Father Alfred McBride, a member of the Norbertine Community of St. Norbert Abbey, is pictured in this 2011 file photo. Father McBride died Oct. 23, 2020. He was 91. (CNS photo/Sam Lucero, The Compass)

DE PERE, Wis. (CNS) — Norbertine Father Alfred Aloysius McBride, who was nationally known as a leader in education and catechetics, died Oct. 23 at age 91. He was a member of the Norbertine Community of St. Norbert Abbey in De Pere.

After his death, the Norbertine Community thanked the nurses at the abbey “and everyone at Unity Hospice who cared for Father McBride.”

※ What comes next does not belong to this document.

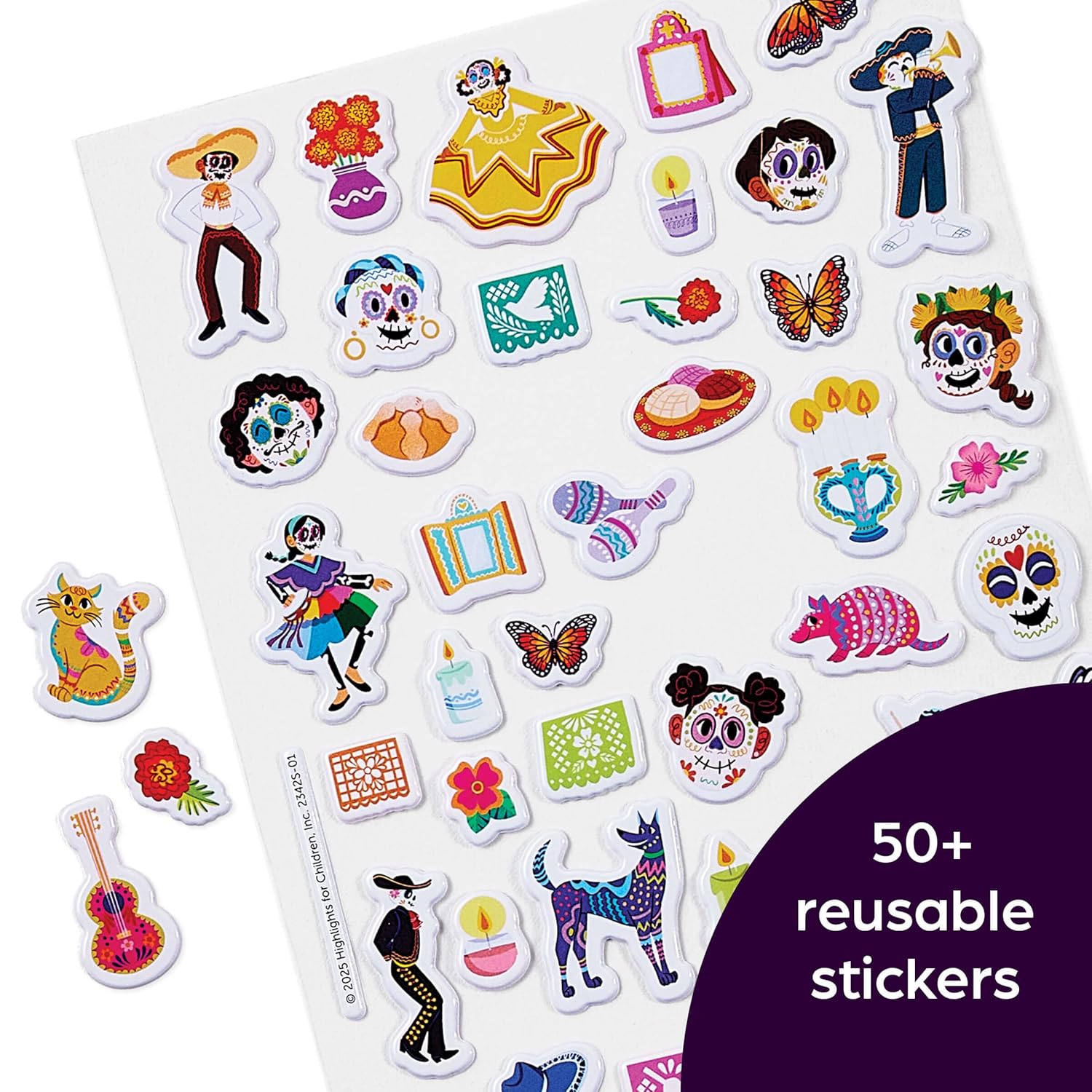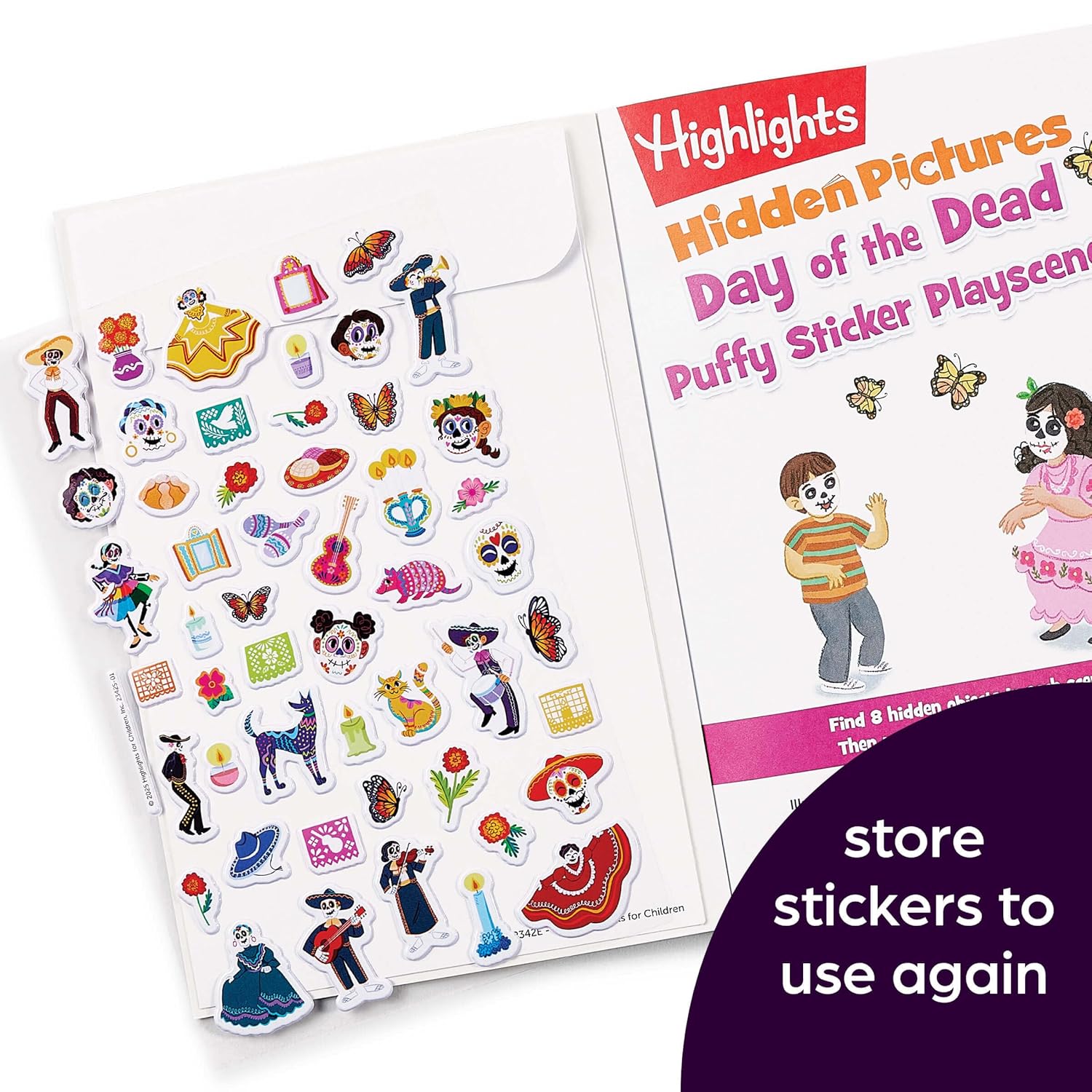 Engrossing and mess-free, Day of the Dead Puffy Sticker Playscenes provides hours of entertainment, wherever kids go. Take the book — and the magic of the holiday — in the car, to restaurants, to waiting rooms and beyond! This puffy sticker activity book includes:

In a 2014 interview with The Compass, newspaper of the Diocese of Green Bay, which includes De Pere, Father McBride said he was able to both look back over many changes in the church and forward to the future.

The secret, he said, in reflecting on his 60th jubilee in 2013, was love: “I was attracted to the teaching of Jesus that I should not just love him, but accept the love he offers me. … The people who gathered round me at my jubilee came with the affection of years. … That is the beauty of the Christian contract. Such love is free and never taxed.”

Father McBride was born in Philadelphia Dec. 12, 1928, to the late Charles and Mary (Shannon) McBride and raised by his aunt, Mary Courtney, whom he regarded as his mother. He felt a call to the priesthood early in his life at his home parish of St. Patrick in central Philadelphia.

He entered the Norbertine Order and was vested as a novice Aug. 28, 1946. Two years later, he professed simple vows and began teaching English and Latin at St. Norbert High School in De Pere. In 1950, he received a bachelor’s degree in philosophy from St. Norbert College.


Father McBride professed solemn vows Aug. 28, 1951, and was ordained to the priesthood June 20, 1953. He was appointed associate pastor of St. Joseph Parish in De Pere while continuing to teach at the high school. In 1958, he was asked to be celebrant of the Mass on WBAY-AM/FM radio, which he did for seven years.

When the new St. Norbert Abbey was built in 1959, Father McBride became the first novice master. He was sent to Brussels, Belgium, in June 1963 and obtained a diploma in catechetics from the Lumen Vitae Institute. He earned a doctorate in religious education from The Catholic University of America in Washington in 1972.

Father McBride was the founder and executive director of the department of religious education at the National Catholic Educational Association from 1972 to 1979. He received the NCEA Board Award for distinguished service.

In 1983, Father McBride traveled to New Mexico and at the invitation of the archbishop of Santa Fe became the president of the University of Albuquerque, a small Catholic institution founded in 1950 by the Franciscan Sisters of Colorado Springs, Colorado. After his fourth year there, the decision was made to close the school, because of its financial woes.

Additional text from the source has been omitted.